Richard Lärkäng (Institutionen för matematiska vetenskaper, matematik)
Göteborg2010. - 60 s.

This thesis concerns residue currents on analytic spaces.

In the first paper, we construct Coleff-Herrera products and Bochner-Martinelli type currents associated with a weakly holomorphic mapping, and show that these currents satisfy well-known properties from the strongly holomorphic case. This includes the transformation law, the Poincaré-Lelong formula and the equivalence of the Coleff-Herrera product and the Bochner-Martinelli current associated with a complete intersection of weakly holomorphic functions.

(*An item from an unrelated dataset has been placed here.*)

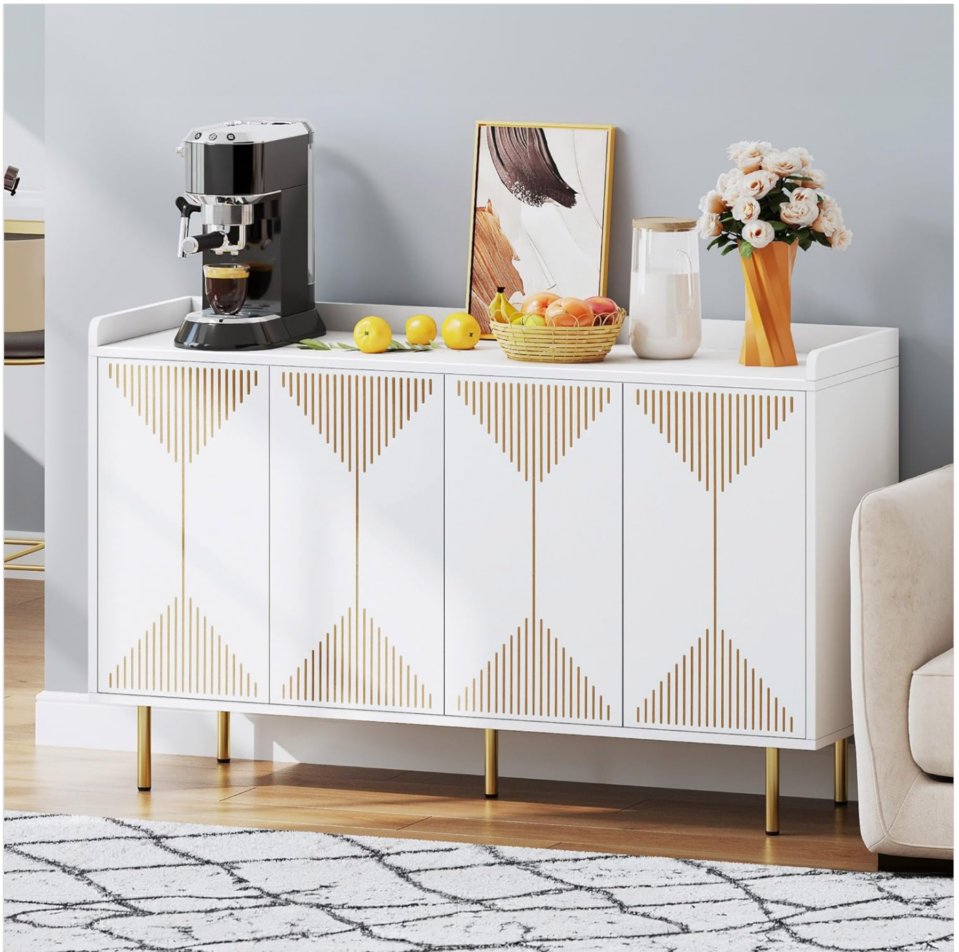
Image: The YITAHome Sideboard Buffet Cabinet in a home environment.

In the second paper, we discuss the duality theorem on singular varieties. In the case of a complex manifold, the duality theorem, proven by Dickenstein-Sessa and Passare, says that the annihilator of the Coleff-Herrera product associated with a complete intersection $f$ equals the ideal generated by $f$. We give sufficient and in many cases necessary conditions in terms of certain singularity subvarieties of the sheaf $\mathcal{O}_Z$ for when the duality theorem holds on a singular variety $Z$.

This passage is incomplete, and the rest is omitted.